Entre convicciones ideológicas resistentes a toda la evidencia acumulada en el planeta y la obsesión por dejar atrás el velo de la derrota, las distintas vertientes de la izquierda chilena se lanzaron en octubre de 2019 tras la instalación de una impresionante premisa y un estratégico objetivo: convencer a la mayoría del país de que el estallido social fue una revuelta en contra de la institucionalidad y ‘el modelo’ impuesto por Pinochet, es decir, que la herencia de la dictadura habría sobrevivido más o menos intacta durante treinta años. Y que ahora, finalmente, los chilenos habían comprendido sus perniciosos efectos.
Pero la verdad es que esa herencia no sobrevivió: Chile es hoy un país muy distinto al de 1990 en todos los aspectos. Un país que creció y disminuyó la pobreza como ningún otro de América Latina, que tuvo en la democratización del consumo su principal vector de cambio cultural, que se insertó de manera ejemplar en un mercado de capitales cada día más globalizado, entre muchas otras cosas.
Un país, también, de grandes déficits, injusticias, abusos e inequidades, que al final fueron la gran coartada para descalificar los avances de las últimas décadas, y validaron la idea de que todo formaba parte de un legado que era imprescindible echar por la borda.
Con todo, esta construcción político-intelectual partió mucho antes del estallido social; en 2010 bastó la pérdida del gobierno, ver a la derecha entrar a La Moneda convertida en mayoría electoral, para que la Concertación, esa centroizquierda que condujo a Chile a los mayores progresos de su historia, abjurara de sus logros y se reconectara con sus viejos anhelos, los sueños frustrados por la imposibilidad de derrocar a la dictadura.
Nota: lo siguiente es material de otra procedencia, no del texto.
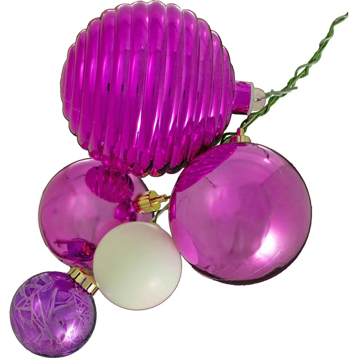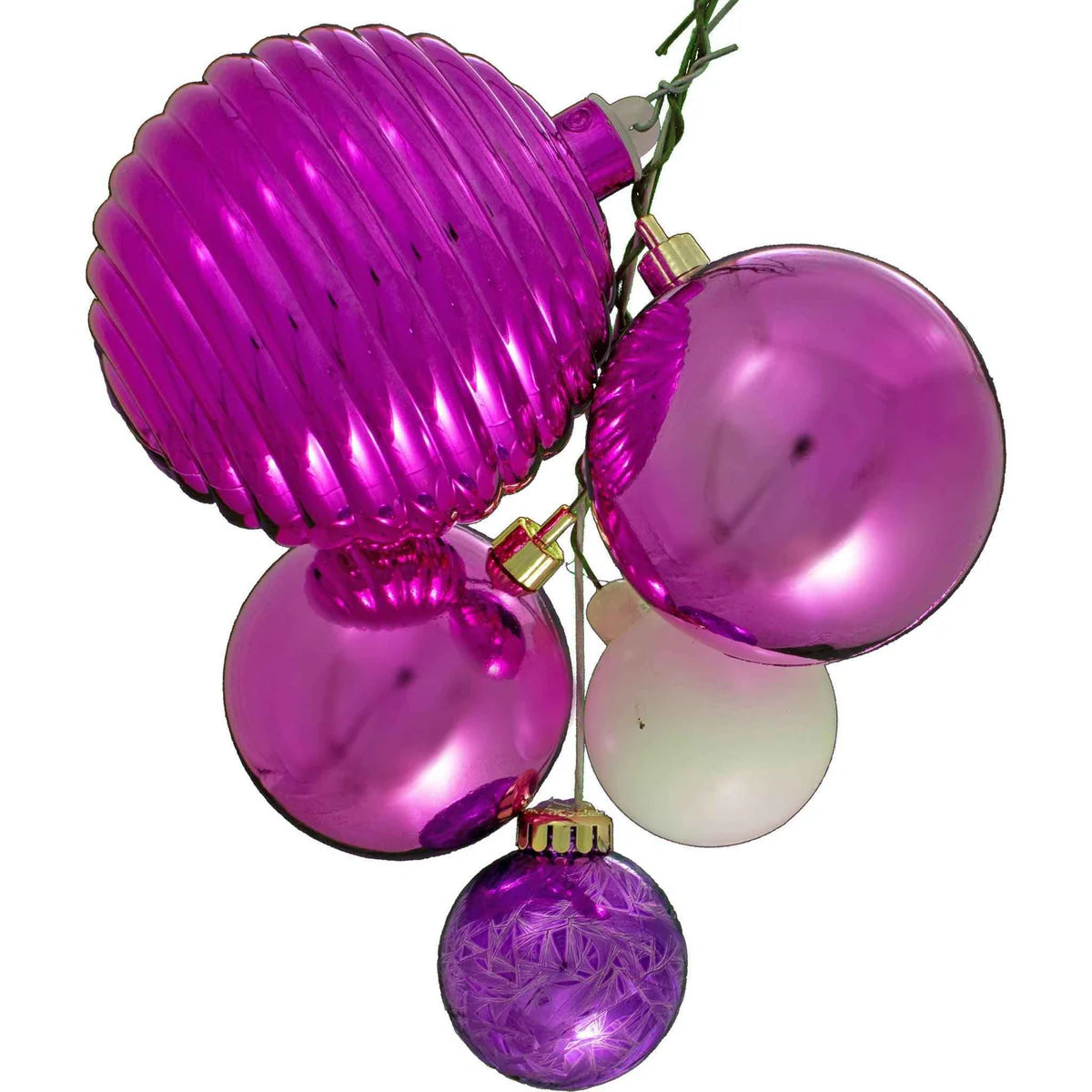 Add a burst of festive color to your holiday décor with the Orinda Christmas Ball Ornament Cluster. Featuring shiny pink, fuchsia purple, and matte white ornaments, these pre-tied clusters make decorating faster and easier while delivering a professionally styled look. Simply attach them to your tree, garlands, wreaths, or mantles for a vibrant and elegant holiday display.

Así, el fantasma de una transición a la democracia hecha bajo las reglas del juego de Pinochet, volvía a la vida.
De algún modo, esa sensación de derrota clavada en el alma el día que la oposición tuvo que resignarse al plebiscito de 1988 como único camino para dar curso a la transición; esa frustración recubierta al final por un ‘silencio’ que terminó siendo el secreto mejor guardado de estos “treinta años”, fue lo que empezó a cuajar cuando la derecha finalmente llega al poder. Y termina de consumarse cuando el estallido social es decodificado como una violenta rebelión en contra del ‘modelo’.
Este es el vértice donde confluyen las dos grandes derrotas que marcaron a fuego a la izquierda chilena del último medio siglo: la caída de la UP y la imposibilidad de derrocar a la dictadura. Dos huellas que, como traumas constituyentes, estaban condenados a mantenerse vivos, impidiendo que los acontecimientos posteriores pudieran ser mirados a través de lentes distintos a los de su propia reafirmación.
En efecto, si todo lo que se había construido desde 1990 terminó haciendo posible que la derecha gane elecciones en democracia, entonces todo lo construido merece irse al tarro de la basura.
Esa es la razón que hace a la centroizquierda y a la izquierda reencontrarse en 2010 en la sala de máquinas de ‘la retroexcavadora’, ese dispositivo imaginario que debía iniciar la demolición del país de la transición, para empezar todo de nuevo.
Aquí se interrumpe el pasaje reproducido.